- Born: Sylvia Mae Hughes April 16, 1891 Fairfield (now Oakford), Howard County, Indiana, US
- Died: January 7, 1951 (aged 59) Michigan City, Indiana, US
- Occupation: Prostitute
- Known for: Minor associate of the John Dillinger gang
- Spouse(s): 1. Charles O. Alexander (1910-?) 2. John Clevenger (1915-1930) 3. Chester Williams (1930-?)
- Parent(s): Charley and Mary Hughes

= Sylvia Clevenger =

American prostitute

Sylvia Clevenger (born as Sylvia Mae Hughes; April 16, 1891 – January 7, 1951) was an American prostitute who worked with madam Pearl Elliott and was a minor associate of the John Dillinger gang. Her brother William was the former husband of Elliott. She was married three times, reverting to her maiden name of Hughes after her divorce from her second husband, John Clevenger, in 1930. She lived for much of her life in Kokomo, Indiana, and died in 1951 in Michigan City, Indiana.

== Early life ==
Sylvia Mae Hughes was born on April 16, 1891, at Fairfield (now Oakford) in Howard County, Indiana. She was the daughter of Charley and Mary Hughes. According to the 1900 census, the family was living in Taylor Township, where her father's occupation was listed as a horse jockey.

== Marriage ==
Hughes married Charles O. Alexander in Howard County on April 26, 1910. In the census of that year, the couple were recorded as living with her father in Taylor Township, Howard County, and two years later, they appear in the city directory of Kokomo. They were living at 323 1/2 North Buckeye, where Charles' occupation was listed as a waiter.

The marriage was short-lived, as she was married for the second time on February 23, 1915, to John Clevenger in Howard County. Her location and the occupation of her husband can be traced from subsequent city directories for Kokomo and from census returns. In 1918, they were living at 1525 North McCann, and he was a teamster. Two years later, they were living at 715 West Street in Kokomo, and had a son.
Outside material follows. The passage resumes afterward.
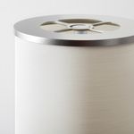 Декоративный напольный светильник с текстильным белым абажуром вытянутой формы, сквозь который по комнате распространяется мягкий и теплый свет.

John was by then a dealer in livestock. He was listed as a horse dealer in 1923, when they were living at 2437 North Main, and three years later were still living at the same location, but his occupation was a stock dealer. John's occupation had changed again by 1928, as he was listed as a driver in the city directory.

By the time of the 1930 census, the couple were living at 2437 North Buckeye Street in Kokomo, where John's occupation was listed as a laborer, but the city directory for the same year listed Hughes as living on her own at 212 South Locke. On November 2, 1930, she was married for the third time, to Chester Williams in New Albany, Indiana. They were operating a used car business in 1934, and were based at 2437 North Main, where Hughes had lived in the 1920s with John Clevenger.

== Local notoriety ==
Hughes' husband, Clevenger, was well known to Kokomo police and had been convicted on liquor violations. On August 16, 1929, he brought a suit for divorce, charging that Sylvia refused to fix his meals, was constantly away from home and was 'in evil associations'. Three days later, a hearing on the case of assault and battery against John Clevenger filed by Hughes was postponed due to lack of witnesses from the city. A continuance in the case was granted on August 24, but the charges were eventually dismissed on December 5.
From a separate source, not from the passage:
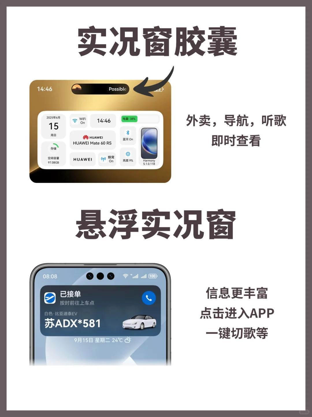还有全新的实况窗功能,让我在出差时提供了很多便利。这个功能会在锁屏界面、消息中心、通知栏等界面,通过动态卡片、胶囊的形式,实时展示各种信息,包括倒计时、导航、外卖、打车、飞机、高铁等。像我乘坐高铁、飞机等时候,我只需要把手机掏出来扫一眼,就能知道高铁车次或航班信息,并同步前往对应的安检口;在安检之前,我也只需要点击动态卡片,就能快速打开电子机票或车票,整个过程优雅从容,特别是带着大包小包行李的时候。

On May 26, 1930, Clevenger found that Hughes was living in Terre Haute with Chester Williams. Clevenger and Frank Wallace, a parolee from Michigan City, beat Williams so severely that he was hospitalized for two weeks. Both men were charged with assault and battery with intent to kill.

On September 16, 1930, Hughes hosted Pearl Elliott, Mrs. John Kiefer and Miss Bernice Rose, all of Kokomo, in Terre Haute. She was granted a divorce from Clevenger in September 1930 in Vigo County on grounds of cruel and inhumane treatment, and returned to using her maiden name of Hughes.

== Association with Dillinger ==
In September 1933, bank robber John Dillinger gave $27,000 in cash to Pearl Elliott to buy and equip a hideout for his gang in Terre Haute, Indiana. Elliott enlisted the help of Clevenger, and the residence at 2351 Fernwood Avenue was purchased.

Confessions of Ed Shouse, an associate of Dillinger, placed members of the gang in Terre Haute before the robberies of the Peru police station and the Central National Bank in Greencastle. When two suitcase-toting hitchhikers paid a Hendricks county farmer $25 to drop them off in Terre Haute at the corner of 25th and Fernwood, the police were contacted. On the morning of November 8, 1933, members of the Terre Haute Police, Indiana National Guard, and Indiana State Police raided the residence but did not find any of the gang there.

== Post Dillinger ==
On March 5, 1935, Clevenger and Hughes filed suit in Howard County Circuit Court for possession of two lots and buildings against the estate of George Clevenger.

== Death ==
Hughes died on January 7, 1951, in Michigan City, Indiana, at the age of 59. She was buried in Crown Point Cemetery in Kokomo, Indiana.